Your objective: A faithful copy is needed of the lines below from the one with "この日 2年前から食べた紙壌夷本一冊はなると明らかにした A4サムニョは" up to and including the one with "J, WASHINGTON, Hairdresser, Tobacconist"; set it down with no pictures and no other lines.

[Source data]
----------
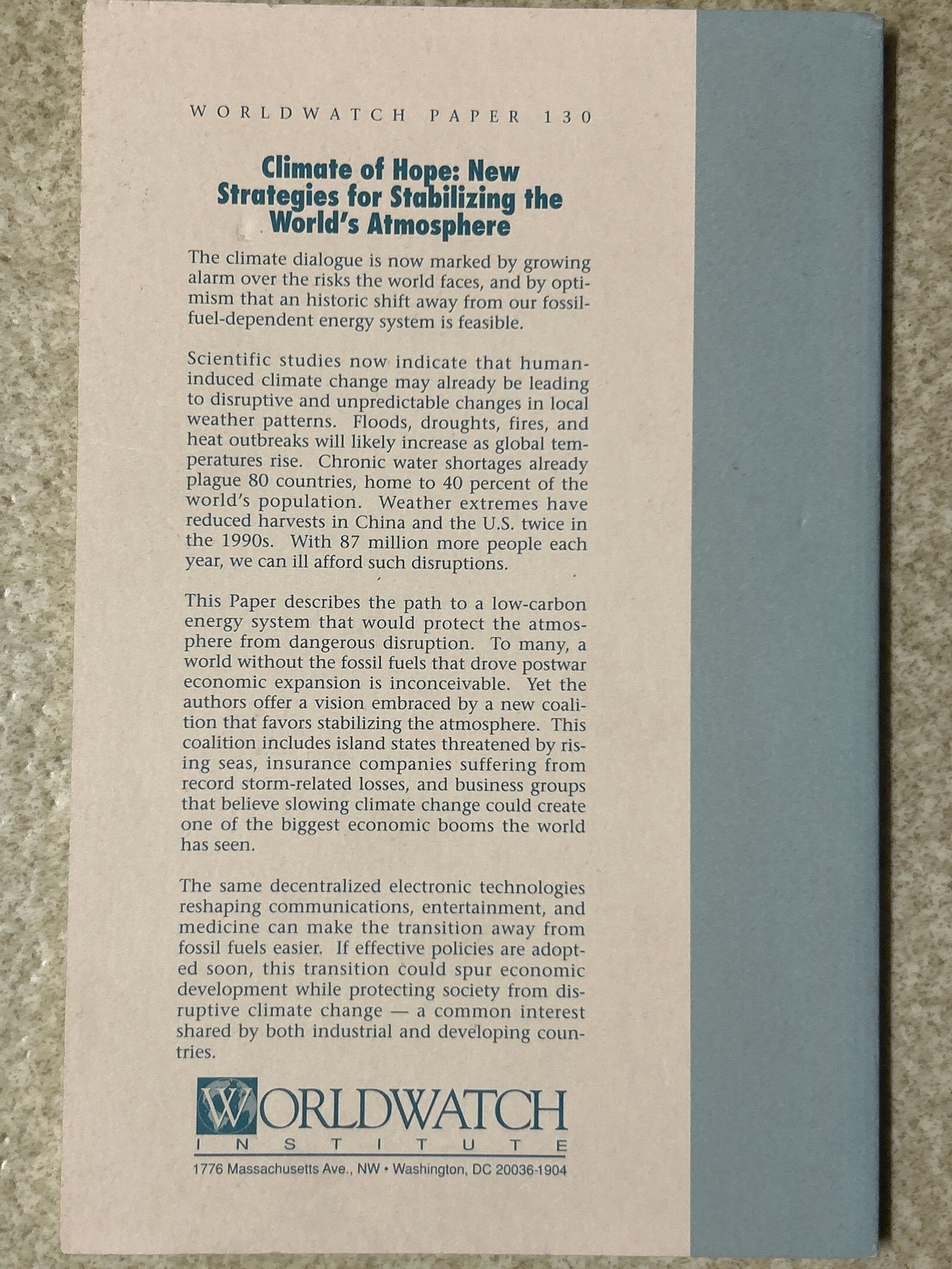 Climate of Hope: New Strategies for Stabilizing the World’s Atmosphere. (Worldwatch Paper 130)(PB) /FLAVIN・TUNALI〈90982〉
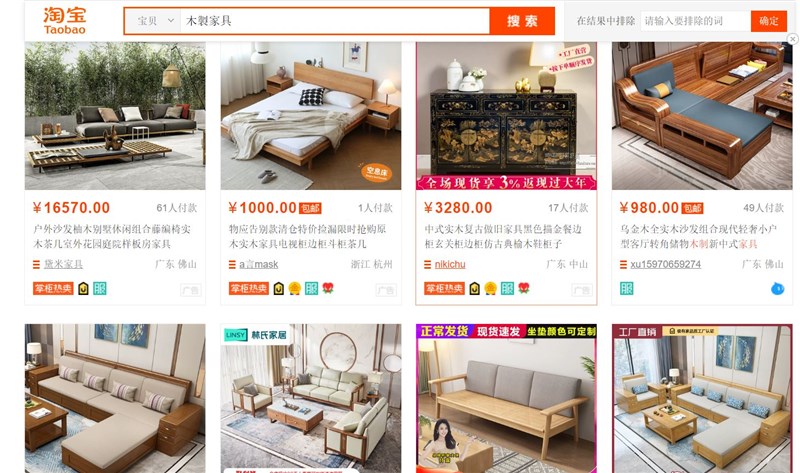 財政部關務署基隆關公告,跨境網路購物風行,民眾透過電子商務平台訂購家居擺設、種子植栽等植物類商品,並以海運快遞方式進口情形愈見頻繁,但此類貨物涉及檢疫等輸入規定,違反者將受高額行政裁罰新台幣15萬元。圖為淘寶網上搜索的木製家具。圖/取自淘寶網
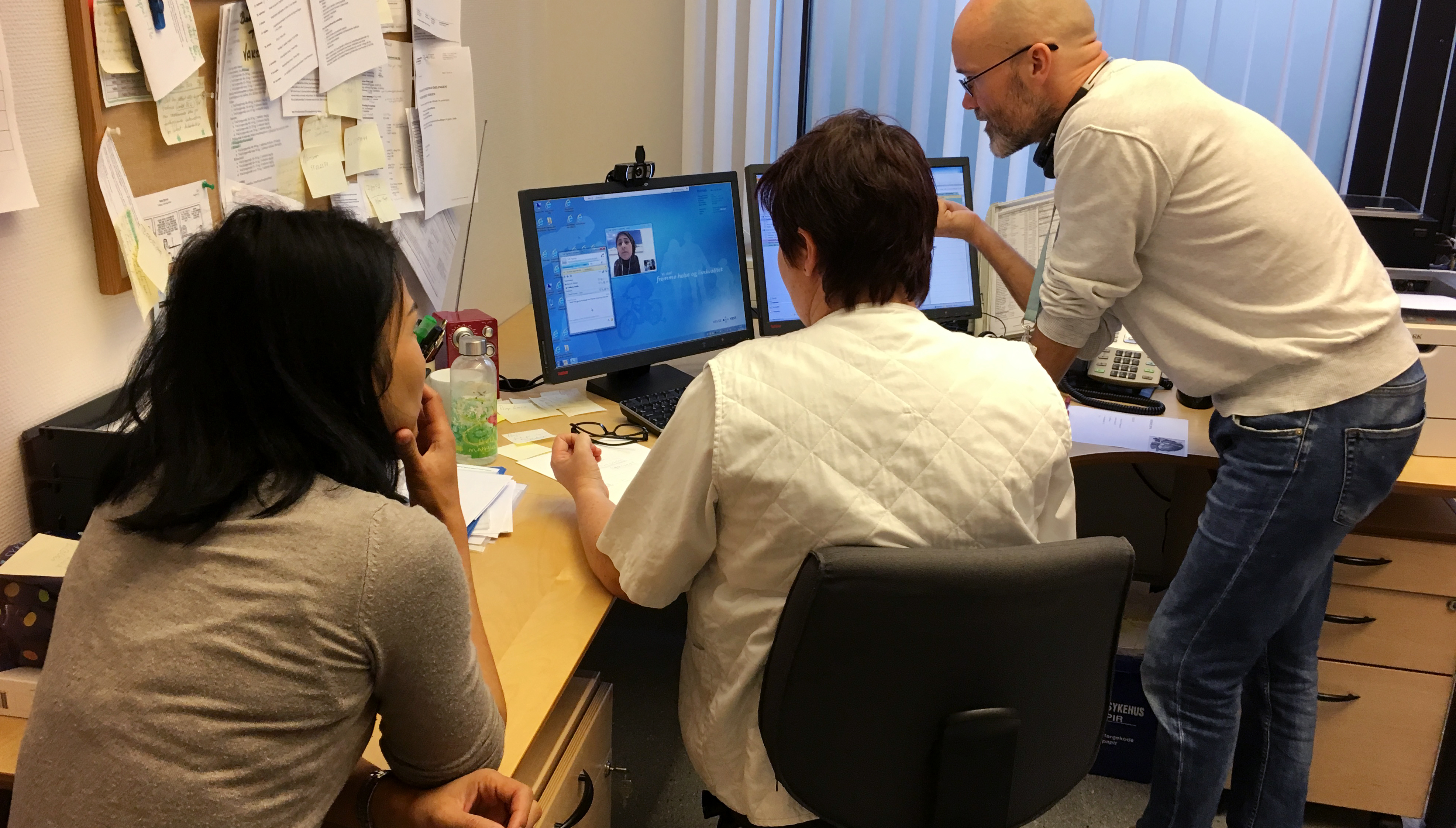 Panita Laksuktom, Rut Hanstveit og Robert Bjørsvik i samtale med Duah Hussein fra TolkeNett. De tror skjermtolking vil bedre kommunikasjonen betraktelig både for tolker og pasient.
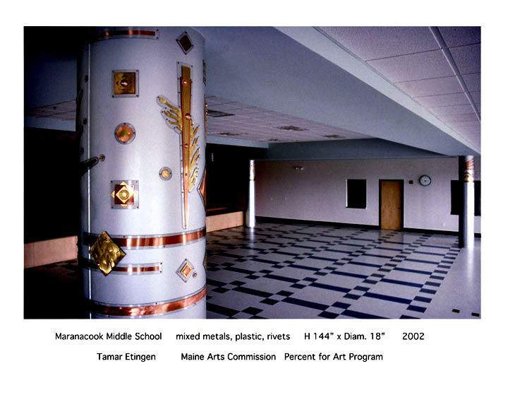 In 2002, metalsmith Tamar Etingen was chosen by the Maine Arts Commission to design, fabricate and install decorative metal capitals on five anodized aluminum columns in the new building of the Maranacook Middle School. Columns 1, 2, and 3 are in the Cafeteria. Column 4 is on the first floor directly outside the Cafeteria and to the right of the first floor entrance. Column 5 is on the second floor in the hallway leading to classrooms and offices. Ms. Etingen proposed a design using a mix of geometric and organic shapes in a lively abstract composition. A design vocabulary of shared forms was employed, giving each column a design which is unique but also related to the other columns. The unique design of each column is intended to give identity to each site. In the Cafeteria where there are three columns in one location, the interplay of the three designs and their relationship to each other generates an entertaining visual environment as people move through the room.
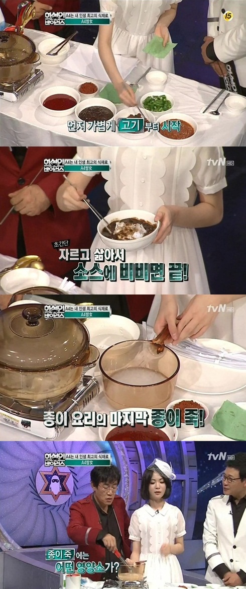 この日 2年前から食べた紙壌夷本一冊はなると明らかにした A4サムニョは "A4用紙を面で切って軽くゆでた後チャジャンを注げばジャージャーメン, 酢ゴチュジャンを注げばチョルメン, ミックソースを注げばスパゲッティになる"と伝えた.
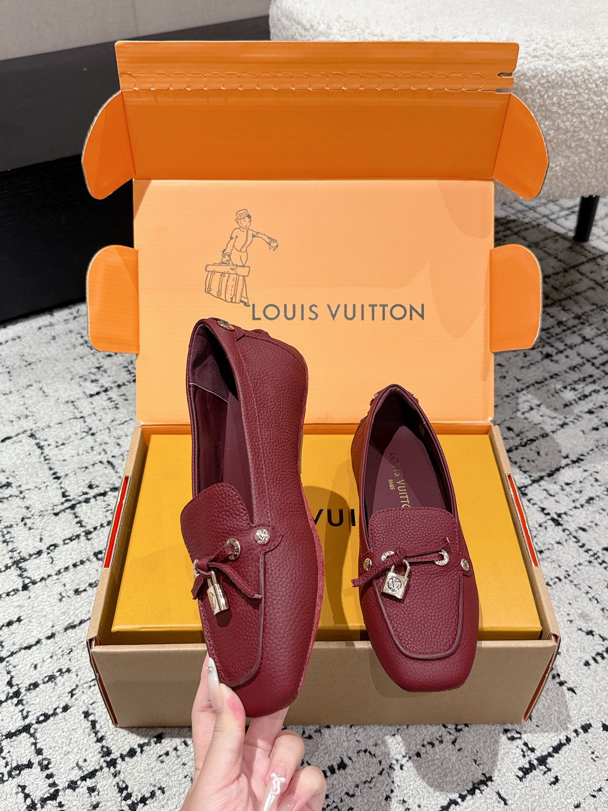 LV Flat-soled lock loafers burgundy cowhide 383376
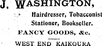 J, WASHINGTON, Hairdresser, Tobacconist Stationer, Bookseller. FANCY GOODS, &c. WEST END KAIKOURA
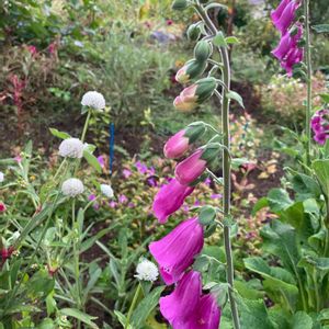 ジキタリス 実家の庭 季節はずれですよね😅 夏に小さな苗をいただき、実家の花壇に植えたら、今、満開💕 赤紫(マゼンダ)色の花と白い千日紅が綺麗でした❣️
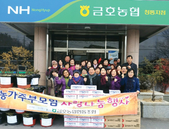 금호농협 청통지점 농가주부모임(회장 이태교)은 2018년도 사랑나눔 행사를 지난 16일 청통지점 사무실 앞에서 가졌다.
----------
Solution:
 この日 2年前から食べた紙壌夷本一冊はなると明らかにした A4サムニョは "A4用紙を面で切って軽くゆでた後チャジャンを注げばジャージャーメン, 酢ゴチュジャンを注げばチョルメン, ミックソースを注げばスパゲッティになる"と伝えた.
 LV Flat-soled lock loafers burgundy cowhide 383376
 J, WASHINGTON, Hairdresser, Tobacconist Stationer, Bookseller. FANCY GOODS, &c. WEST END KAIKOURA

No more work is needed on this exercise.